Diabetes among US youths increased from 2002 to 2015

Type 1 and Type 2 diabetes among U.S. youths increased at constant rates every year between 2002 and 2015, according to CDC data.

To assess diabetes trends among youth (those younger than 20 years), researchers analyzed 2002-2015 data from the SEARCH for Diabetes in Youth Study, a population-based registry study with clinical sites in five U.S. states. The registry includes data for 69 million children and teenagers.

They found that the incidence of Type 1 diabetes increased from 19.5 per 100,000 in 2002-2003 to 22.3 per 100,000 from 2014 to 2015, resulting in an annual percentage change of 1.9 percent.

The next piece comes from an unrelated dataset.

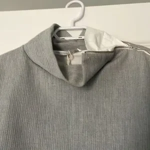Looks like two shirts. But attached. Lots of cool features like zipped mock neck with shirt exposed underneath. Buttons on side of white shirt. Size small but has a boxy fit. Could fit medium. Excellent condition.

The rate of increase in Type 1 diabetes was higher among black children and teenagers (2.7 percent per year), Hispanics (4 percent per year) and Asians and Pacific Islanders (4.4 percent per year), compared to white children and teens (0.7 percent per year).

The incidence of Type 2 diabetes among those ages 10 to 19 years increased from 9 per 100,000 from 2002 to 2003 to 13.8 per 100,000 from 2014 to 2015, an annual percentage change of 4.8 percent.

Researchers found steeper rates of increase in Type 2 diabetes among Asians and Pacific Islanders (7.7 percent per year) followed by Hispanics (6.5 percent per year), black youth (6 percent per year) and Native Americans (3.7 percent per year).